Why does Europe have an irrational approach to the regulation of plant GMOs and potentially NBPT?

Two great influences on European regulation on GMOs have been the Green Movement and the precautionary principle. The precautionary principle, which owes it origins to an approach to risk management captured in aphorisms like "an ounce of prevention is worth a pound of cure” and “better safe than sorry”, is the bedrock of Greenpeace and Friends of the Earth approach to GM; the technology, the act of inserting DNA into a genome by the methods of genetic engineering, is regarded as unsafe, irrespective of the trait specified by the inserted DNA. This explains why the variety produced by our plant breeder using genome-editing is dangerous in their view, and why the US regulatory system based on substantial equivalence does not work for them. The EU has adopted the precautionary principle for environmental protection, and applies it rigorously in regulating GM crops.

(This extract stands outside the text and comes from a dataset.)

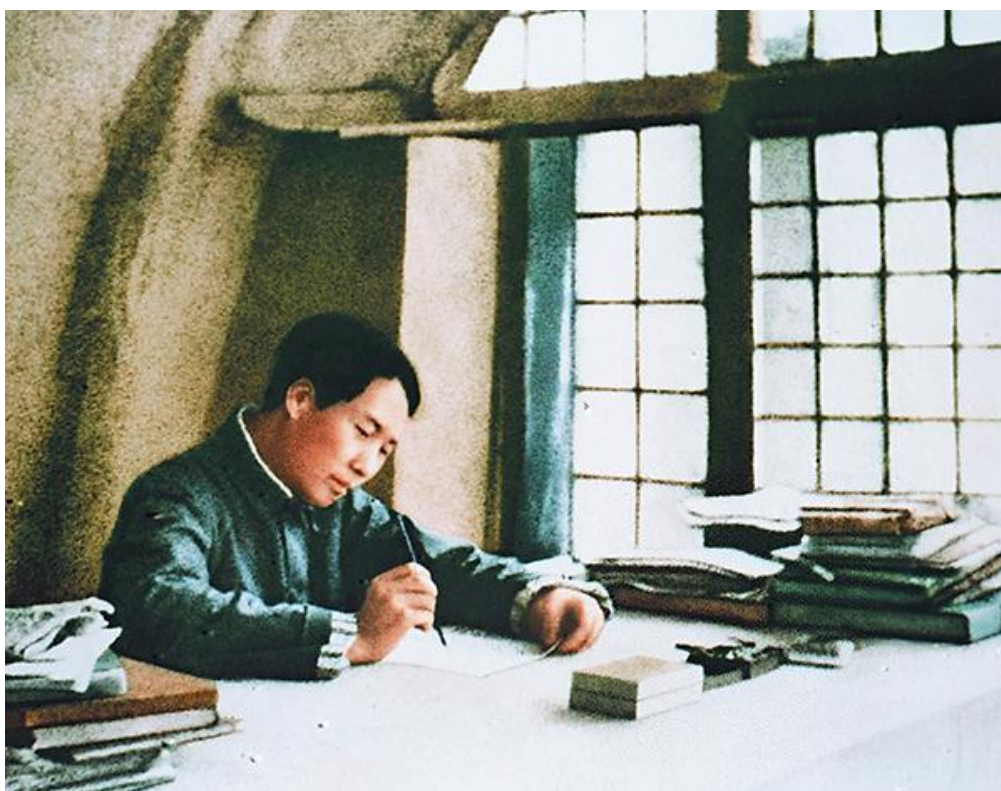
图为 1938 年，毛泽东同志在延安窑洞撰写《论持久战》（资料照片）。

北平、天津、上海、南京等大城市已经陷落，大片国土沦丧于日寇铁蹄之下，对抗战失去信心者大肆渲染悲观主义情绪，“亡国论”甚嚣尘上。另一方面，八路军一一五师取得平型关首胜，国民党军队取得台儿庄大捷，“速胜论”也发生了，有的人甚至盲目乐观地认为徐州战役就是“准决战”，“就是敌人的最后挣扎”。面对扑朔迷离的战局，抗战进程究竟会如何发展？中国能否取得最后胜利？众说纷纭，莫衷一是。也有不少有识之士认识到抗日战争将是持久战，但为什么是持久战？怎样才能取得最后胜利？这些疑虑并未得到有说服力的回答，整个中国都急切期待着正确理论指引。

It is reasonable that new technologies are evaluated for risk. For GM crops, the relevant areas of risk are to human and animal health through eating food harvested from GM plants, and to the environment as a consequence of the traits carried by the crop – insect and herbicide resistance, for example. The first GM crops were introduced in the early 1990s, and have been grown and consumed on a large scale now for approaching 30 years. Approximately 20% of global farmed land grows GM crops, and in 2017, 19 developing and seven industrialised countries grew GM crops – mostly herbicide- and insect-resistant varieties. More than 90% of US, Brazilian and Argentinian soybeans (the world’s three leading exporters) carry GM herbicide resistance; more than 90% of Indian cotton uses GM insect resistance genes, and China also grows GM cotton and GM rice. In 2014 Bangladesh granted regulatory approval to insect-resistant GM brinjal for direct human consumption. Japan imports virus-resistant GM papaya from Hawaii.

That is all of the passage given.